> Task description
Repeat only the lines below that run from the line with "从品牌诞生到苏州自建工厂,再" to the line with "All of our rings, my", ends included; skip every picture.

#### Data shown ####

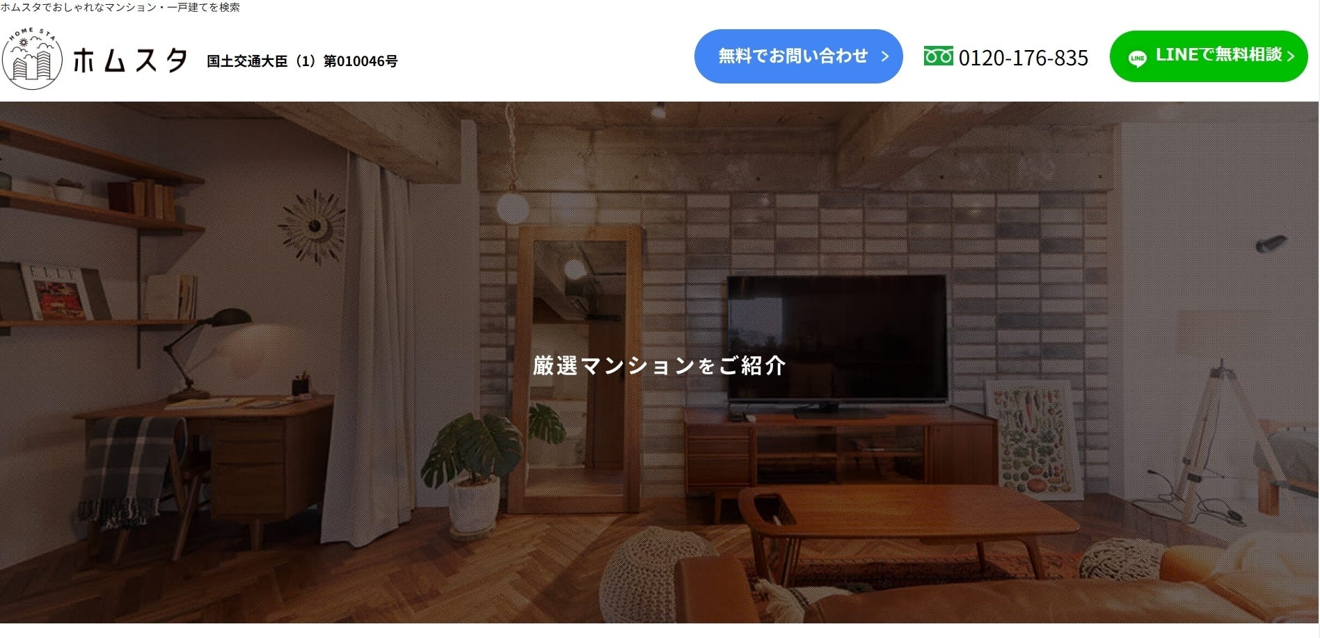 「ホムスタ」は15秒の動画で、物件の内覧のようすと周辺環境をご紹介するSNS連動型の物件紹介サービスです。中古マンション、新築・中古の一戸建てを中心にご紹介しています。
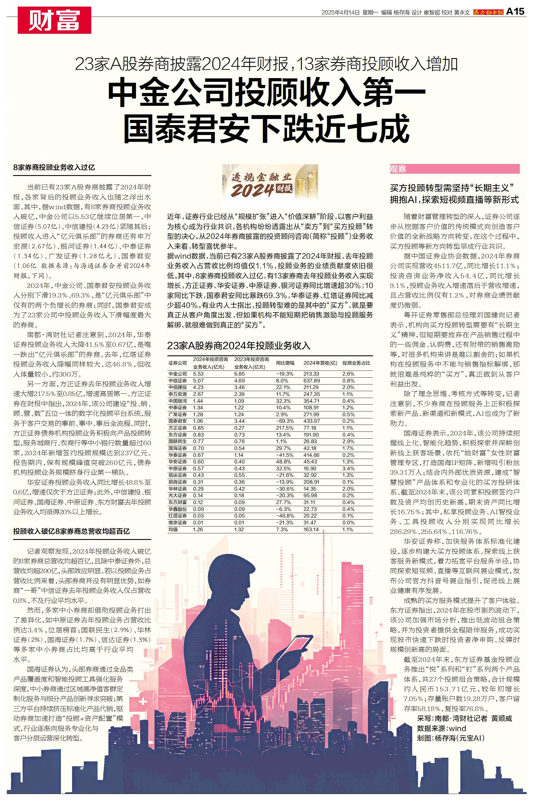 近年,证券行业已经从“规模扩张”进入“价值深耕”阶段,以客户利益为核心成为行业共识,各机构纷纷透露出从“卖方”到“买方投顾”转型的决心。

####
#### Data shown ####

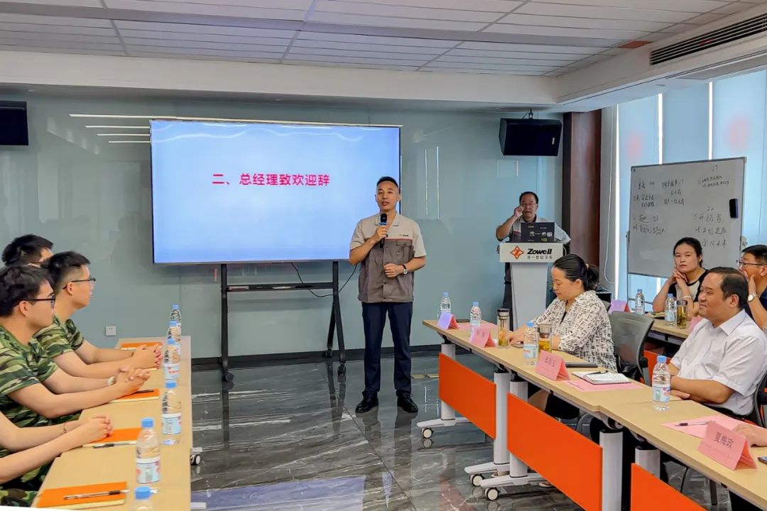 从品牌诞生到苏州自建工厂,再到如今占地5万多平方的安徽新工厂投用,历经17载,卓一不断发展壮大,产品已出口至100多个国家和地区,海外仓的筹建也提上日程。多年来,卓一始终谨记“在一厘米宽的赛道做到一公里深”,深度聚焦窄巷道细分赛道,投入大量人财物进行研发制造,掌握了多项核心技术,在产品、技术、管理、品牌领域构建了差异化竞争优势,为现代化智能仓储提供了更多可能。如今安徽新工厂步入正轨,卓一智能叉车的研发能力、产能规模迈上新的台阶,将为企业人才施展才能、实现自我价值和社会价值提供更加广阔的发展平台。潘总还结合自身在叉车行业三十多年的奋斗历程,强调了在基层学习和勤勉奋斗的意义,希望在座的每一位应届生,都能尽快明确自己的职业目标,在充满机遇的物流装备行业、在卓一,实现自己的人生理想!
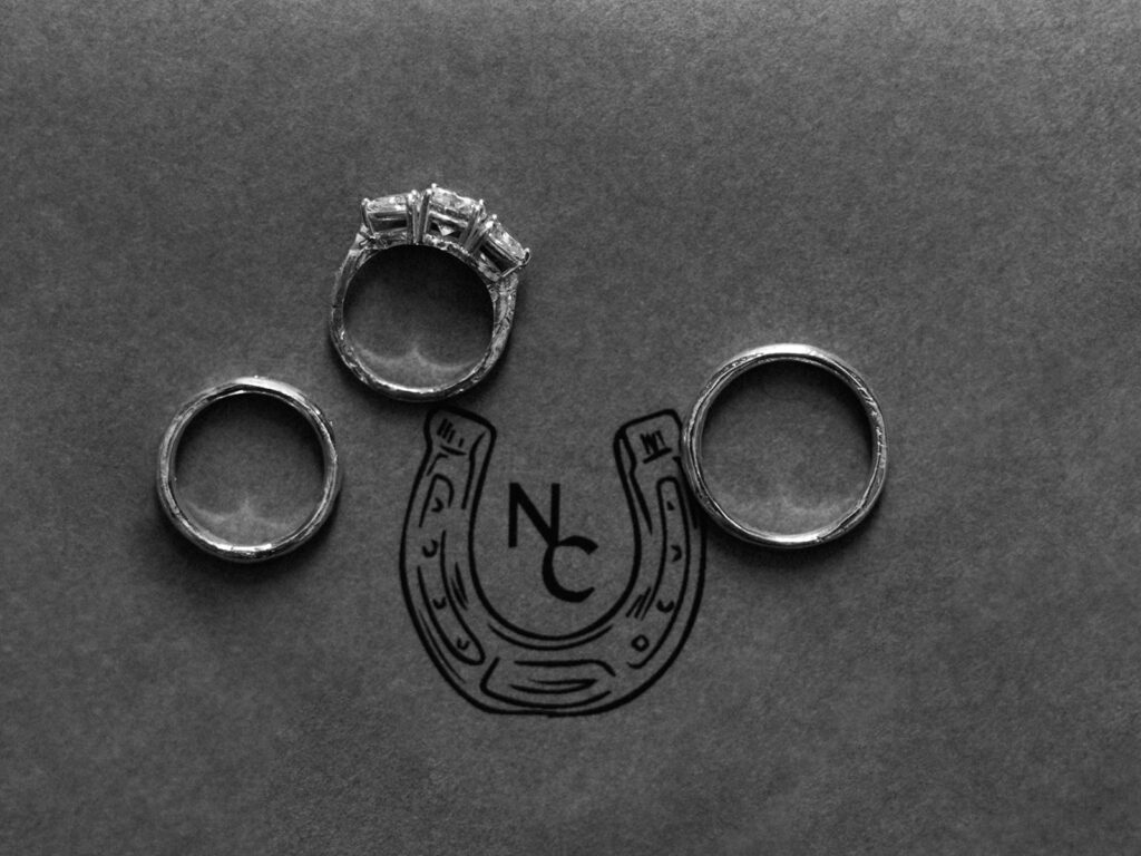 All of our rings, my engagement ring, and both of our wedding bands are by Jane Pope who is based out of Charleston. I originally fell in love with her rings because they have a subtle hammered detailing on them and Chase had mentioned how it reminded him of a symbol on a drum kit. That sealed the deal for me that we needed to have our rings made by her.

####
#### Data shown ####

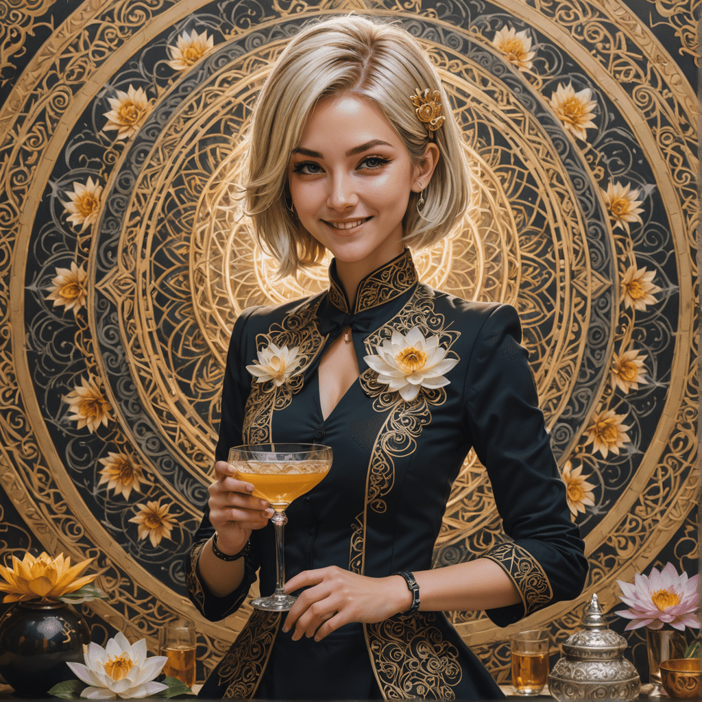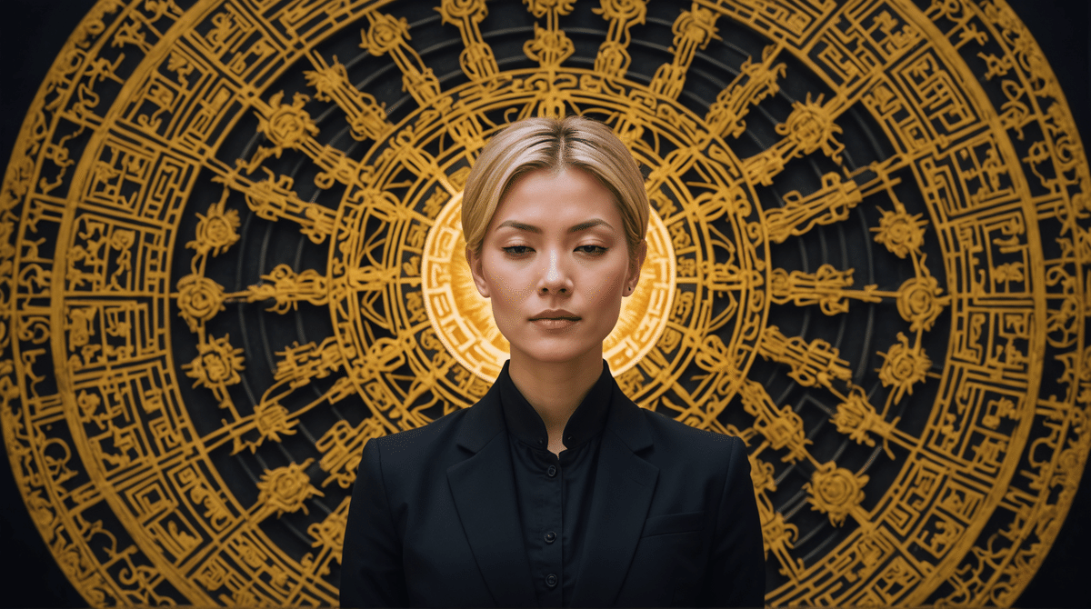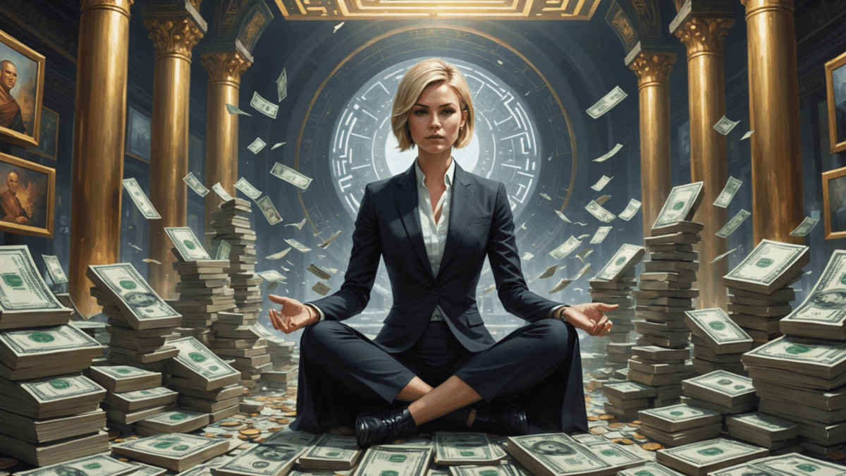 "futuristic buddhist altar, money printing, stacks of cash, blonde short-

####

> The completed task
 从品牌诞生到苏州自建工厂,再到如今占地5万多平方的安徽新工厂投用,历经17载,卓一不断发展壮大,产品已出口至100多个国家和地区,海外仓的筹建也提上日程。多年来,卓一始终谨记“在一厘米宽的赛道做到一公里深”,深度聚焦窄巷道细分赛道,投入大量人财物进行研发制造,掌握了多项核心技术,在产品、技术、管理、品牌领域构建了差异化竞争优势,为现代化智能仓储提供了更多可能。如今安徽新工厂步入正轨,卓一智能叉车的研发能力、产能规模迈上新的台阶,将为企业人才施展才能、实现自我价值和社会价值提供更加广阔的发展平台。潘总还结合自身在叉车行业三十多年的奋斗历程,强调了在基层学习和勤勉奋斗的意义,希望在座的每一位应届生,都能尽快明确自己的职业目标,在充满机遇的物流装备行业、在卓一,实现自己的人生理想!
 All of our rings, my engagement ring, and both of our wedding bands are by Jane Pope who is based out of Charleston. I originally fell in love with her rings because they have a subtle hammered detailing on them and Chase had mentioned how it reminded him of a symbol on a drum kit. That sealed the deal for me that we needed to have our rings made by her.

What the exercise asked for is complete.